Re: Not able to crawl password protected pages using NUTCH 0.9

Posted by biswajit_rout <bi...@lntinfotech.com>.
Hi Susam,

Thanks for your immediate response...
Herewith i am attaching the debug enabled log file(debugenabled_hadoop.log).
Kindly go through the file and let me know what is missing from my end...

Best regards,
Biswajit.


Susam Pal wrote:
> 
> Hi Biswajit,
> 
> The authscope specifies which IP address or domain-name would the
> credentials be used for. If you provide 10.222.18.113 in the
> authscope, the credentials would not be used for localhost even though
> both represent the same machine.
> 
> Please provide logs with DEBUG enabled.
> 
> Regards,
> Susam Pal
> 
> On Tue, Sep 16, 2008 at 1:33 PM, biswajit_rout
> <bi...@lntinfotech.com> wrote:
>>
>> Hi Susam,
>>
>> The ip 10.222.18.113 is nothing but the ip address of my
>> machine(localhost).
>> Now also i changed http://localhost:8080/ to http://10.222.18.113:8080.
>> However no result, i mean to say still not able to crawl password
>> protected
>> pages.
>>
>> Kindly assist me to resolve this issue.
>>
>> Thanks in advance...
>>
>> Best regards,
>> Biswajit.
>>
>>
>>
>>
>> Susam Pal wrote:
>>>
>>> The logs show that it is fetching http://localhost:8080/ but you have
>>> set credentials for 10.222.18.113:8080 which is never being fetched.
>>> So, no authentication takes place.
>>>
>>> Regards,
>>> Susam Pal
>>>
>>> On Mon, Sep 15, 2008 at 1:20 PM, biswajit_rout
>>> <bi...@lntinfotech.com> wrote:
>>>>
>>>> Hi Susam,
>>>>
>>>> In order to crawl password protected pages, I am using
>>>> nutch-2008-07-10_04-01-48.tar (I have download from
>>>> http://hudson.zones.apache.org/hudson/job/Nutch-trunk/ which contains
>>>> your
>>>> patch for HttpAuthentication)
>>>>
>>>> I have modified nutch-site.xml, httpclient-auth.xml.
>>>>
>>>> Please find the attached zip file which contains
>>>> nutch-site.xml,httpclient-auth.xml.
>>>>
>>>> Kindly provide me a solution for this.
>>>>
>>>> Best regards,
>>>> Biswajit
>>>>
>>>>
>>>> Susam Pal wrote:
>>>>>
>>>>> Hi Biswajit,
>>>>>
>>>>> Could you please tell us how you have added the support for
>>>>> authentication in Nutch 0.9? Nutch 0.9 can not do authentication
>>>>> properly by default.
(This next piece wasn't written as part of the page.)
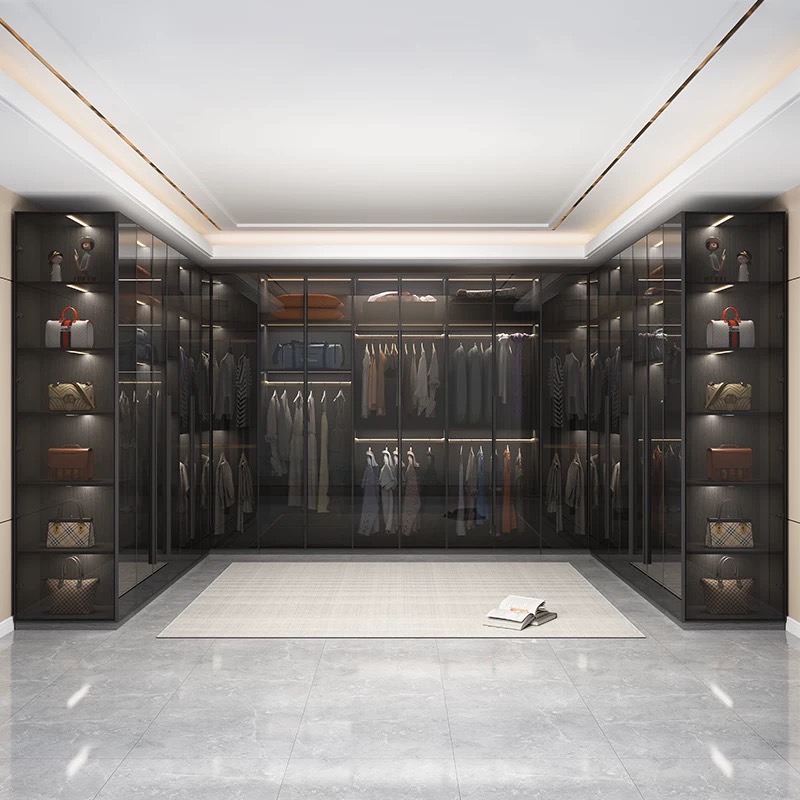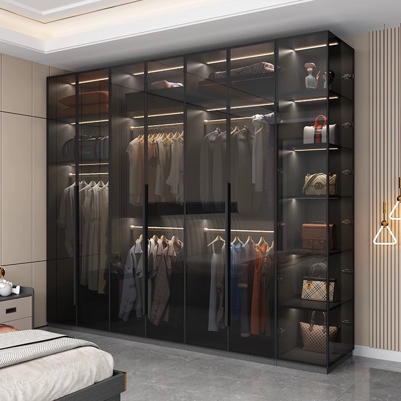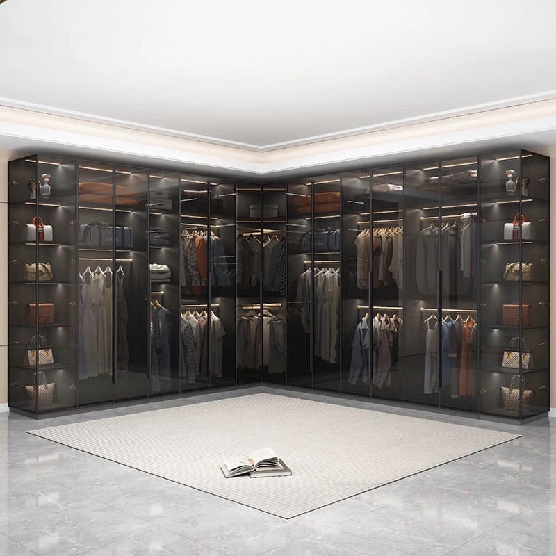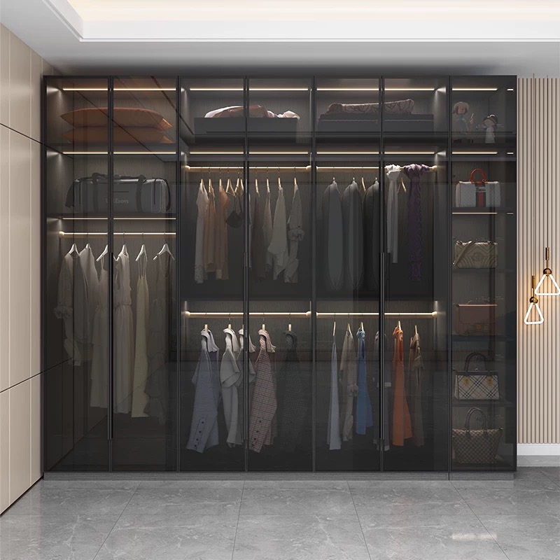 衣柜家用卧室实木一门到顶60cm深L型衣帽间定制组合玻璃衣橱柜子

The authentication feature is buggy in Nutch 0.9
>>>>> which was fixed with this ticket:
>>>>> https://issues.apache.org/jira/browse/NUTCH-559
>>>>>
>>>>> The feature is documented here:
>>>>> http://wiki.apache.org/nutch/HttpAuthenticationSchemes
>>>>>
>>>>> The easiest way to use it is to check out the latest version of Nutch
>>>>> and build it as it contains the authentication feature. If you want to
>>>>> use it with Nutch 0.9, you have to download the latest patch present
>>>>> in the ticket page and apply it to the source code and build it. You
>>>>> might have to resolve some conflicts manually.
>>>>>
>>>>> I would suggest that you do not send the mail same mail multiple
>>>>> times. We have received the same mail from you 4 times. It takes
>>>>> sometime for members to reply to a mail. :-)
>>>>>
>>>>> Regards,
>>>>> Susam Pal
>>>>>
>>>>> On Mon, Sep 15, 2008 at 6:07 PM, Rout Biswajit-B16078
>>>>> <B1...@freescale.com> wrote:
>>>>>> Hi,
>>>>>>
>>>>>> I have successfully configured NUTCH 0.9, which is crawling number of
>>>>>> sites
>>>>>> and after that searching is also happening properly.
>>>>>>
>>>>>> However, now I want to crawl password protected pages using NUTCH. In
>>>>>> order
>>>>>> to access those pages I should have a valid user name and password. I
>>>>>> have
>>>>>> configured the user name and password in my nutch-site.xml and
>>>>>> httpclient-auth.xml
>>>>>>
>>>>>> However it is not crawling.
>>>>>>
>>>>>> I have attached nutch-site.xml, httpclient-auth.xml and hadoop.log in
>>>>>> the
>>>>>> Zip file for your reference. Kindly check and let me know what is
>>>>>> missing
>>>>>> from my end.
>>>>>>
>>>>>> CONFIGURATION:
>>>>>>
>>>>>> nutch-2008-07-10_04-01-48.tar (I have download from
>>>>>> http://hudson.zones.apache.org/hudson/job/Nutch-trunk/ which contains
>>>>>> your
>>>>>> patch for HttpAuthentication)
>>>>>>
>>>>>>
>>>>>>
>>>>>> Windows XP
>>>>>>
>>>>>> Cygwin
>>>>>>
>>>>>> jdk1.6.0
>>>>>>
>>>>>>
>>>>>>
>>>>>> Thanks in advance…
>>>>>>
>>>>>> Please help....
>>>>>>
>>>>>>
>>>>>>
>>>>>> Best regards,
>>>>>>
>>>>>> Biswajit
>>>>>>
>>>>>>
>>>>>
>>>>>
>>>> http://www.nabble.com/file/p19492846/Nutch.zip Nutch.zip
>>>> --
>>>> View this message in context:
>>>> http://www.nabble.com/Not-able-to-crawl-password-protected-pages-using-NUTCH-0.9-tp19492246p19492846.html
>>>> Sent from the Nutch - User mailing list archive at Nabble.com.
>>>>
>>>>
>>>
>>>
>> http://www.nabble.com/file/p19507146/hadoop.log hadoop.log
>> --
>> View this message in context:
>> http://www.nabble.com/Not-able-to-crawl-password-protected-pages-using-NUTCH-0.9-tp19492246p19507146.html
>> Sent from the Nutch - User mailing list archive at Nabble.com.
>>
>>
> 
> 
http://www.nabble.com/file/p19510820/debugenabled_hadoop.log
debugenabled_hadoop.log 
-- 
View this message in context: http://www.nabble.com/Not-able-to-crawl-password-protected-pages-using-NUTCH-0.9-tp19492246p19510820.html
Sent from the Nutch - User mailing list archive at Nabble.com.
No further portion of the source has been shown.